- _Task item_
Ignoring every picture, return the lines of the listing below word for word, from the line that holds "This 5 bedroom" through the line that holds "行政工作核心痛点集中在会议纪".

- _Data to process_
-- -- --

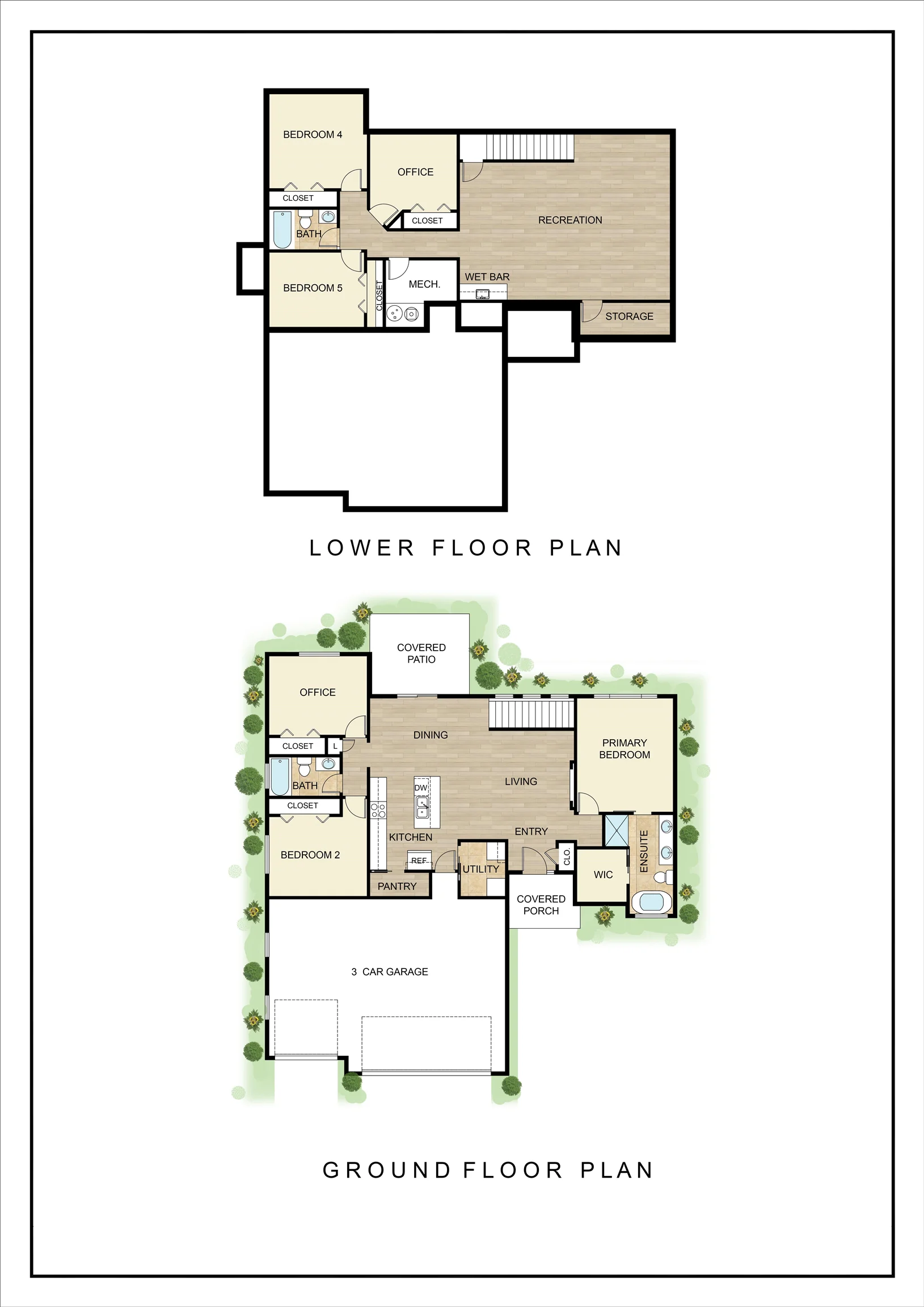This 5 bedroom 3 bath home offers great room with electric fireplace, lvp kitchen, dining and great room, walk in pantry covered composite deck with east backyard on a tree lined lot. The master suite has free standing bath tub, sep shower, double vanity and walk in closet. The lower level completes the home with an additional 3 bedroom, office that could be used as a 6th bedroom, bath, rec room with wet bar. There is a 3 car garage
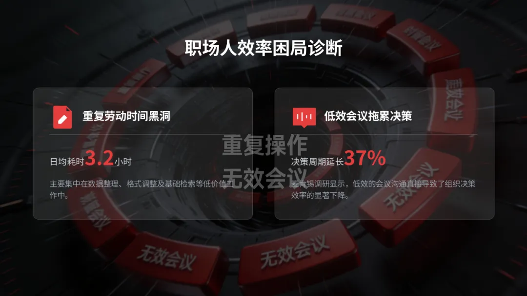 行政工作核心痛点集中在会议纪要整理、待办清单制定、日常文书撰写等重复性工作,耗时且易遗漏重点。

-- -- --

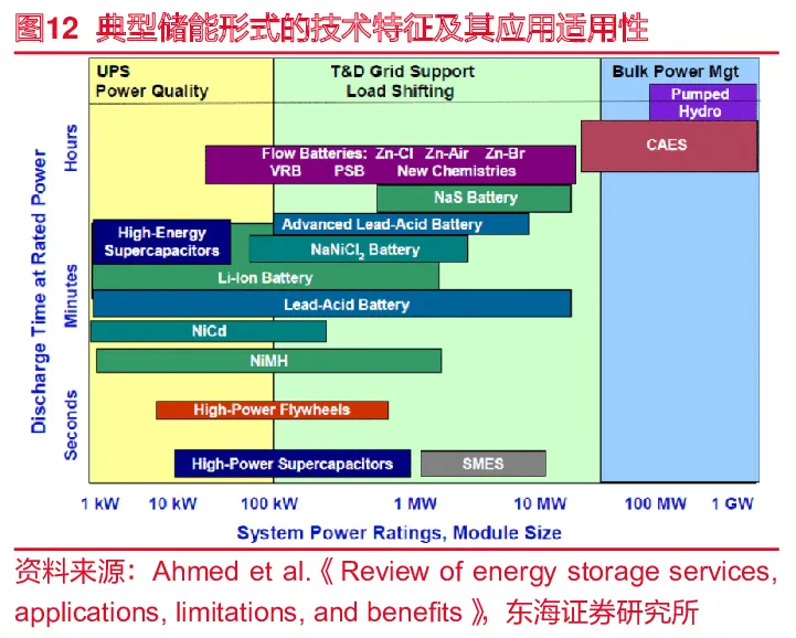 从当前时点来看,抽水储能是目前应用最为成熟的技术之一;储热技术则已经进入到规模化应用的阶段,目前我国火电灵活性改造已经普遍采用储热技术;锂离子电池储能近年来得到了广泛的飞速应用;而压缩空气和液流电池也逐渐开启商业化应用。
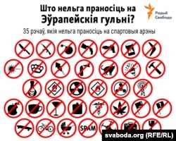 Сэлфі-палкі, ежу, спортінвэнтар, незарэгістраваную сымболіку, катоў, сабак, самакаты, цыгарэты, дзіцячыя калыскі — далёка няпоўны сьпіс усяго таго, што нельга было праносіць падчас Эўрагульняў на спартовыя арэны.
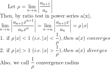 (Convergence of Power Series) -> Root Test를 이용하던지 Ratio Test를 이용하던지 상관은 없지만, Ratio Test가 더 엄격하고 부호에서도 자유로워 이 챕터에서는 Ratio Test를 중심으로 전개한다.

-- -- --

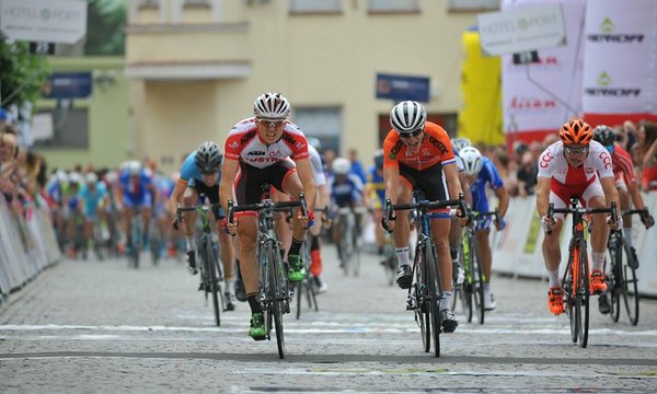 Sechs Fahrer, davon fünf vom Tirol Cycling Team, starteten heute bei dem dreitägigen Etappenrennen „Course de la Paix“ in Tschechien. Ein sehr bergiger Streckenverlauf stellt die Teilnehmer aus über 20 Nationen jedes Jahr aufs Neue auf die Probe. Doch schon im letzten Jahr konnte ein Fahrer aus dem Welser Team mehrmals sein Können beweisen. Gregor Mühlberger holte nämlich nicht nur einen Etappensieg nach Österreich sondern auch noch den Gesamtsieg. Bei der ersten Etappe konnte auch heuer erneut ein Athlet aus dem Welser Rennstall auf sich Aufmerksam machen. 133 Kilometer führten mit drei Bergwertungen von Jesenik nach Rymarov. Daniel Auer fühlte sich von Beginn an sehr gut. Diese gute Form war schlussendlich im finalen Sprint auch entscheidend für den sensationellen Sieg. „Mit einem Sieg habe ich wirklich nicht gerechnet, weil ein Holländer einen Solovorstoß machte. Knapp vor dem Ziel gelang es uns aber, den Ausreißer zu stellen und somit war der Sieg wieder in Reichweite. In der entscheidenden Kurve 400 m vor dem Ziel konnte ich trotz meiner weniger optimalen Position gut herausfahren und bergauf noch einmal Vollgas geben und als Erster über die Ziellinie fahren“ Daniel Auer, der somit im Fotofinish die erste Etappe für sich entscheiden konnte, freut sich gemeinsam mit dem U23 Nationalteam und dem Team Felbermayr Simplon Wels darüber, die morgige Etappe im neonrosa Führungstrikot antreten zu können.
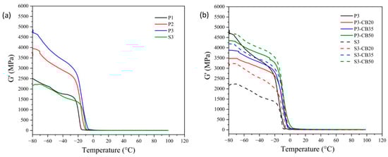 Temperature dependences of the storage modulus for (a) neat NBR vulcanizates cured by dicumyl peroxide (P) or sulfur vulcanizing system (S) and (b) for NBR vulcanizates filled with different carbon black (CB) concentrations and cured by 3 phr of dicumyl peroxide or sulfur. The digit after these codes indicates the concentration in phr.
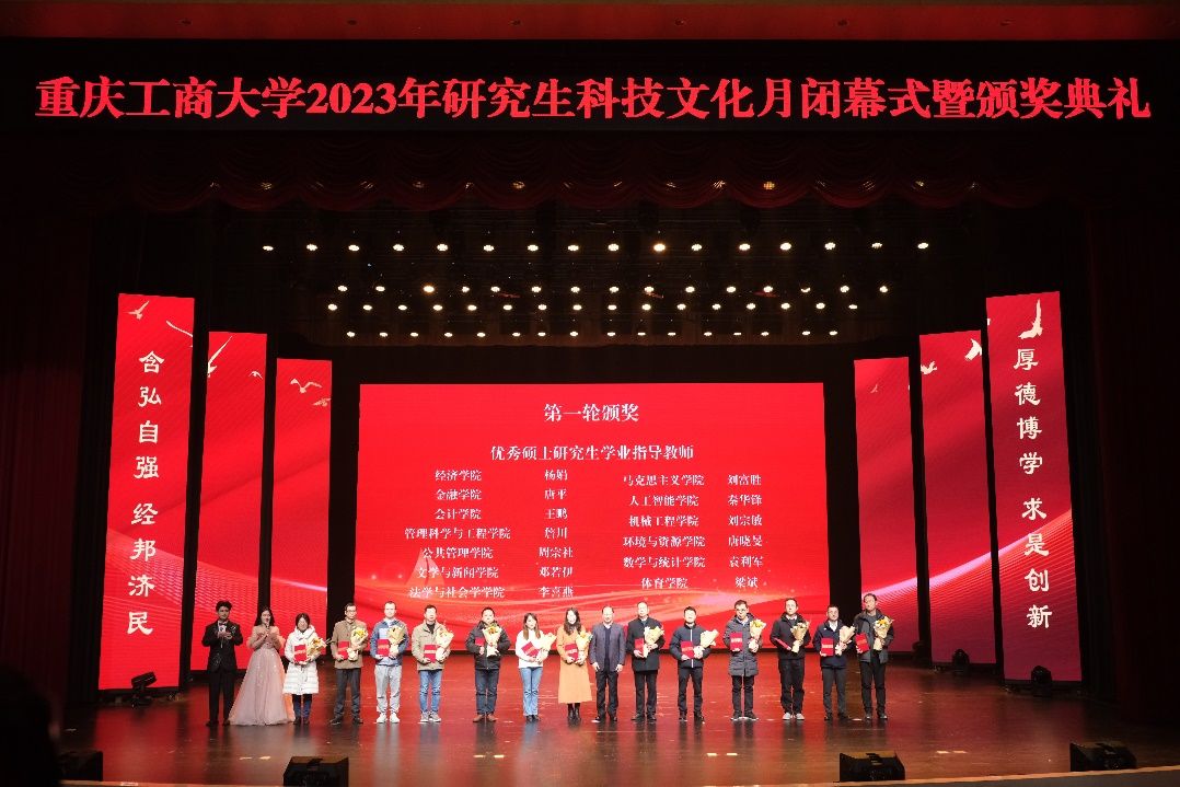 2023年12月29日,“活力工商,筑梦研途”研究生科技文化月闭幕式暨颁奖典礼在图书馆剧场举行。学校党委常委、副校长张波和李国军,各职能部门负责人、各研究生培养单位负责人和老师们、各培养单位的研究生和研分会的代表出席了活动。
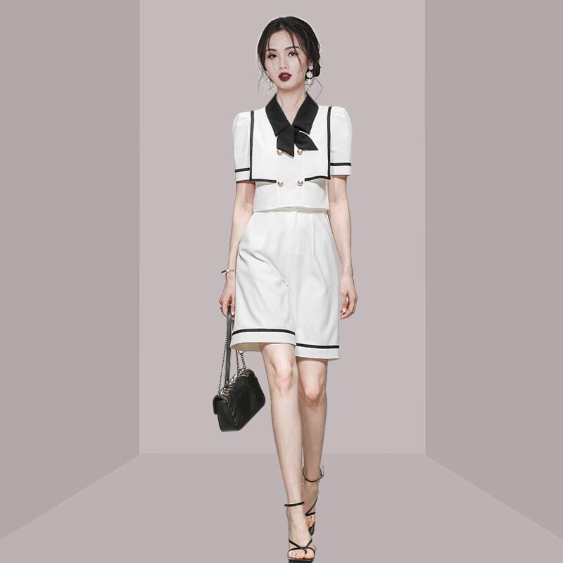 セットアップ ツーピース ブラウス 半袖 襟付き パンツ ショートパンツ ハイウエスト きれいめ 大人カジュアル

-- -- --

- _Answer to the problem_
This 5 bedroom 3 bath home offers great room with electric fireplace, lvp kitchen, dining and great room, walk in pantry covered composite deck with east backyard on a tree lined lot. The master suite has free standing bath tub, sep shower, double vanity and walk in closet. The lower level completes the home with an additional 3 bedroom, office that could be used as a 6th bedroom, bath, rec room with wet bar. There is a 3 car garage
 行政工作核心痛点集中在会议纪要整理、待办清单制定、日常文书撰写等重复性工作,耗时且易遗漏重点。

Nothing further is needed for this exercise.